Дело было у норвежских берегов — скалистых и опасных, если к ним подходить ближе, чем позволяет приличие. Зимнее небо заволокло облаками, пьяные матросы еле держали штурвал (а точнее — держались за него, чтобы не упасть). Верхние паруса не успели убрать, их сорвало. Горластый и толсторожий Большая Чума слегка протрезвел от страха.
Шторм ревел, и, где находится бриг «Бретонец», никто не мог сообразить. Определиться по солнцу с помощью секстана не было, конечно, никакой возможности, потому что не было солнца. Да и не осталось после кончины капитана де Кря на «Бретонце» человека, который умел бы всерьез обращаться с мореходными инструментами. Оставалась еще возможность найти на карте место судна по счислению. Но никто с перепою не помнил, когда начался ветер и сколько раз менял направление. К тому же у Большой Чумы были крепкие кулаки, но не было никаких способностей к математике.
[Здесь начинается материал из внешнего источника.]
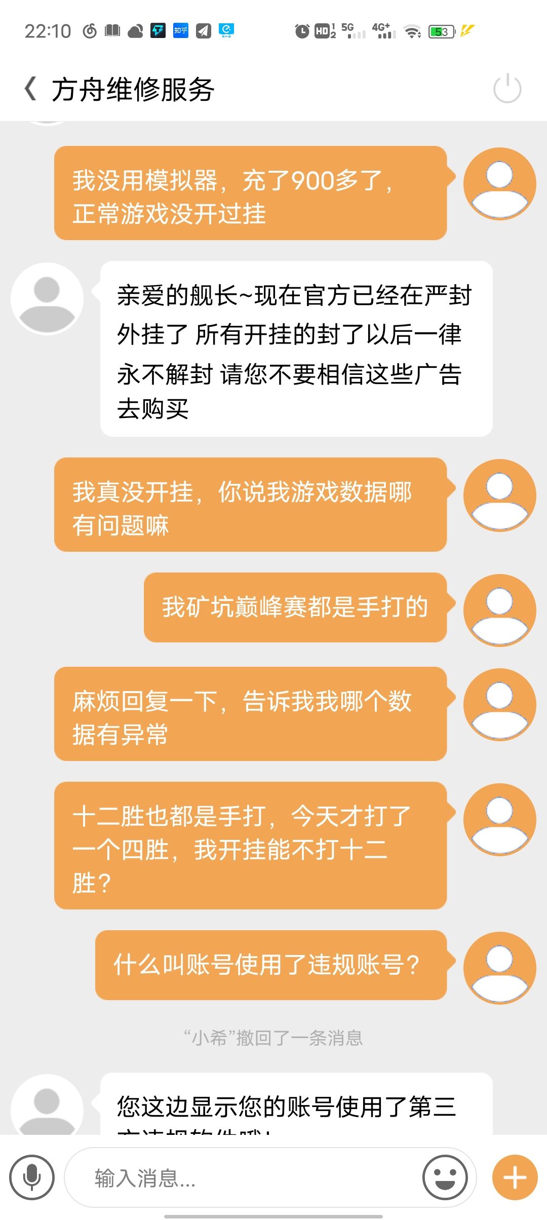 和客服对线,问他异常数据截图通通没有,反正翻来覆去就一句你开了,好霸气,好霸道.最后直接玩消失,牛,楼下发帖子开挂跳脸都不封,随机抓一批幸运观众封号

А острые скалы в окружении шипящей пены могли показаться в любой момент с любой стороны. Требовалось немедленно проложить правильный курс, чтобы убраться из опасного места. И здесь у Бена Вудро сработали остатки сообразительности. Он велел притащить из кубрика в капитанскую каюту «этого хромого цыпленка Ботончито».
— Ты ведь умный парень, раздери тебя ведьмы! Вот тебе карта, если не хочешь кормить вместе с нами селедок!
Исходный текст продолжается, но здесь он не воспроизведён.